- சூரியபுத்திரி
- Genre: Soap opera
- Directed by: Tamizh Bharati
- Creative director: Keerthana
- Starring: Kutty Padmini Nizhalgal Ravi Santhoshi Lavanya Rajkumar
- Theme music composer: D. Imman (title song)
- Country of origin: India
- Original language: Tamil
- No. of seasons: 1
- No. of episodes: 448

Production
- Producers: Kutty Padmini Kirtana Fanning
- Camera setup: Multi-camera
- Running time: approx. 20-22 minutes per episode
- Production company: Vaishnavi Media Works Limited

Original release
- Network: Kalaignar TV
- Release: 5 March 2012 – 19 June 2014

= Suryaputhri =

Suryaputhri (சூரியபுத்திரி) is a Tamil soap opera that aired on Kalaignar TV. The show premiered on 5 March 2012 and aired Monday through Thursday at 10:00PM IST. Later the show was shifted to the 12:30PM and 8:30PM time slot.
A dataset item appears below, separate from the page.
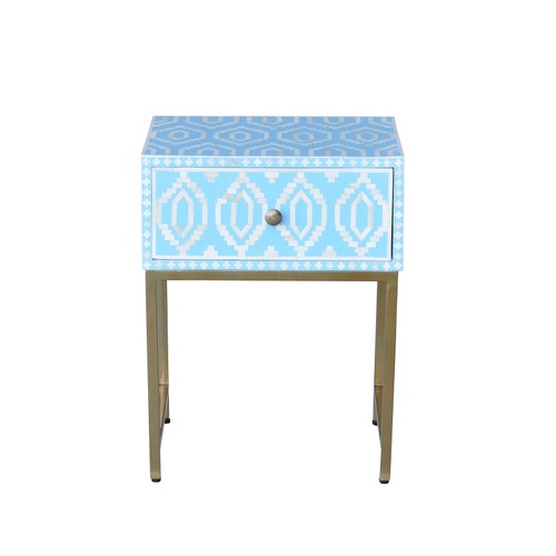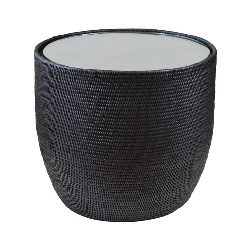Striking bold designed side table. Constructed from hand forged iron with a black finish and completed with an aged vintage mirror top.

The show starred Kutty Padmini, Nizhalgal Ravi, Santhoshi, Lavanya, and Rajkumar. It was produced by Vaishnavi Media Works Limited's Kutty Padmini and directed by Tamizh Bharati with Keerthana as the creative director. The music was composed by D. Imman. The show last aired on 19 June 2014 and ended with 448 episodes.

This serial re-telecast on same Channel on only Singapore and Malaysia from December 2016, airs Monday to Friday at 9:30PM.

==Cast==
- Main cast

- Kutty Padmini
- Nizhalgal Ravi
- Santhoshi
- Lavanya as Khirushna
- Rajkumar

- Additional cast

- Raja
- A.R.S
- Arya
- Nepal
- Sridevi
- Srivithya
- Deepa
- Suja
- Divya Krishnan

- Former cast

- Sudha Chandran

== Airing history ==
The show started airing on Kalaignar TV on 5 March 2012. It aired on Monday through Thursday at 10PM IST. Later its timing changed, and it was shifted to the 12:30PM and 9:30PM time slot.